Abstract:
At a fixed intensity measure (IM) level, the accuracy of engineering demand parameter (EDP) prediction is jointly controlled by the number of ground-motion acceleration time histories and the corresponding conditional dispersion. In nonlinear time-history analysis, structural response predictions can exhibit substantial variability when ground-motion records are selected from a finite sample pool. Although seismic design codes worldwide specify minimum numbers of input ground motions, such requirements remain largely empirically derived and lack a unified quantitative framework linking record count, input uncertainty, and prediction accuracy. Structures with distinct dynamic characteristics also display varying sensitivity to ground-motion attributes. Compared with short-period systems, medium- and long-period structures are generally more sensitive to velocity- and displacement-related ground-motion features. Spectral acceleration at the fundamental period [ Sa(T1) ] typically serves as a more efficient IM for short-period structures, whereas peak ground velocity (PGV) and Housner intensity (HI) are better suited for long-period counterparts. From the perspective of performance-based seismic demand assessment, the accuracy of EDP prediction is tightly coupled to the chosen IM; a more efficient IM can reduce the number of ground motions needed to meet a predefined target accuracy. Accordingly, the minimum number of input records should vary with a structure’s dynamic properties.
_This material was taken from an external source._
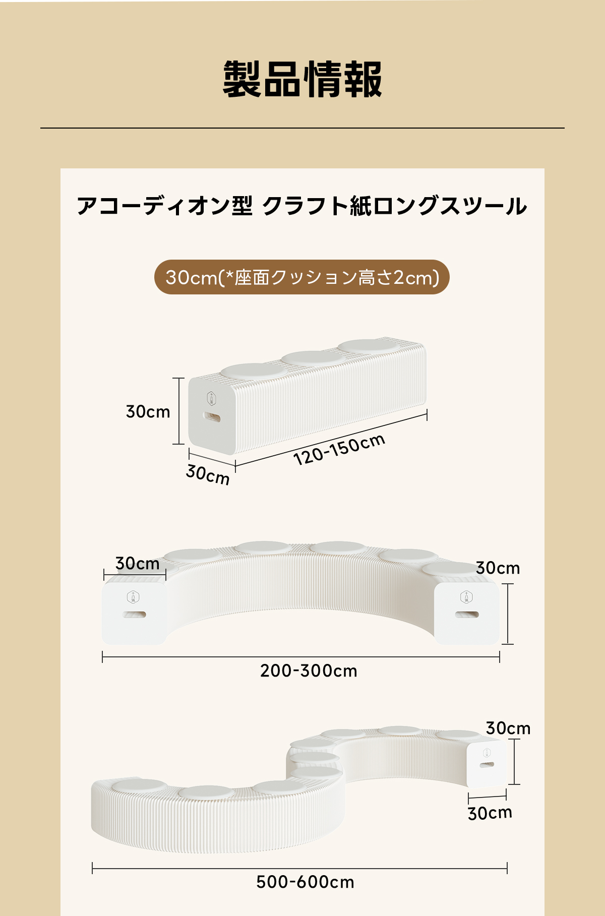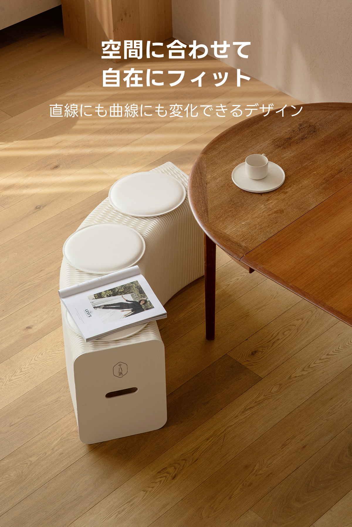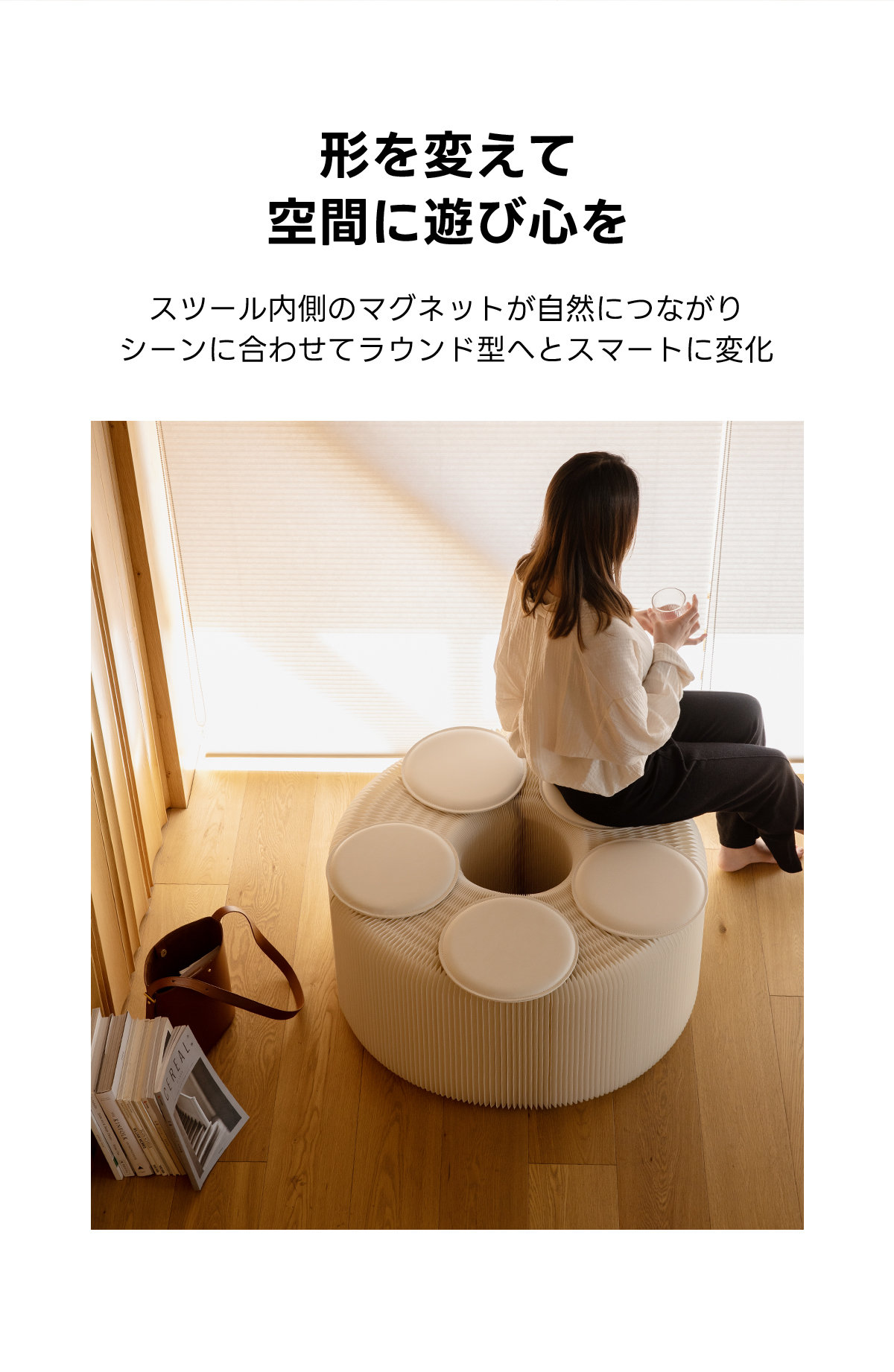 - 【フレキシブルなデザインで自由自在】:アコーディオン型構造により、自由に形を変えることができるこのスツールは、直線にも曲線にも対応可能。空間に合わせたレイアウトが可能で、どんなインテリアにもマッチします。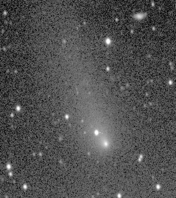 71P/Clark - The comet is the diffuse object of total magnitude 19.0 on the lower right above a star and a faint galaxy, with a faint tail extending to the upper left (towards the two brighter galaxies). (1995 December 31)

Prior research has explored ground-motion sample sizes and their impacts on structural response evaluation, yet code provisions still rely predominantly on engineering experience. Existing work has largely focused on how record quantity, record selection schemes, and processing techniques affect the conditional mean of EDPs. By contrast, few systematic quantitative investigations have addressed IM-conditioned dispersion and associated sampling uncertainty under finite-sample conditions, as well as the quantification of the minimum number of ground motions required to achieve a target EDP prediction accuracy.
To fill this research gap, this study quantifies the interrelationships among IM-conditioned dispersion, sampling uncertainty, EDP prediction accuracy, and minimum sample size. A dataset comprising 3 969 unscaled ground-motion acceleration time histories is adopted. Four candidate IMs are considered: peak ground acceleration (PGA), spectral acceleration at the fundamental period [ Sa(T1) ] , peak ground velocity (PGV), and Housner intensity (HI). Two frame archetypes with contrasting dynamic properties are selected as case structures: a short-period frame with a fundamental period (T1=0.3 s), and a medium-period frame with (T1=1.35 s). IM–EDP seismic demand models are developed via nonlinear dynamic analyses, and IM-conditioned EDP dispersion is estimated from regression residuals. A repeated random sampling framework is then implemented to characterize the sampling distributions of conditional dispersion and relative prediction error under varying ground-motion sample sizes. Relative prediction error is adopted as the metric quantifying EDP prediction accuracy, while the median and 95th percentile interval are used to represent central tendency and sampling uncertainty, respectively.
The results reveal that sampling uncertainty in both conditional dispersion and relative prediction error gradually diminishes as the number of ground motions increases. For sample sizes exceeding 10 records, the influence of sampling uncertainty on EDP prediction accuracy can be reasonably neglected. When more than 20 ground motions are employed, the median of the conditional dispersion distribution stabilizes substantially; this indicates that the central tendency of conditional dispersion barely changes with further sample size growth, though sampling uncertainty persists. Beyond this threshold, increasing the number of ground motions no longer markedly alters the typical conditional dispersion level, but rather ensures that resultant EDP predictions satisfy the predefined accuracy criteria. When sampling uncertainty is explicitly accounted for and the acceptance criterion is defined such that 95% of relative prediction errors fall within a specified tolerance band (e.g., ±5%), the optimal IM and corresponding minimum sample size can be determined for structures with different fundamental periods. For the short-period frame, [ Sa(T1) ] emerges as the optimal IM, requiring a minimum of 5 ground motions. For the medium-period frame, HI constitutes the optimal IM, with a minimum sample size of no less than 80 records. These outcomes demonstrate that the optimal IM and required ground-motion quantity differ substantially for structures with distinct dynamic characteristics. More critically, EDP prediction accuracy is not solely controlled by sample size but dominated by IM selection. Once the characteristic conditional dispersion of a given IM is quantified, the minimum sample size required to achieve a target prediction accuracy can be readily calculated.
In summary, this study elucidates the inherent quantitative relationships among IM-conditioned dispersion, sample size, and EDP prediction accuracy under finite-sample and sampling uncertainty conditions. The findings provide a quantitative theoretical basis for selecting optimal intensity measures and determining the minimum number of ground-motion time histories required for nonlinear time-history analysis of structures with varied dynamic properties. This work can also improve the reliability and efficiency of seismic demand model calibration, seismic performance evaluation, and structural fragility function derivation.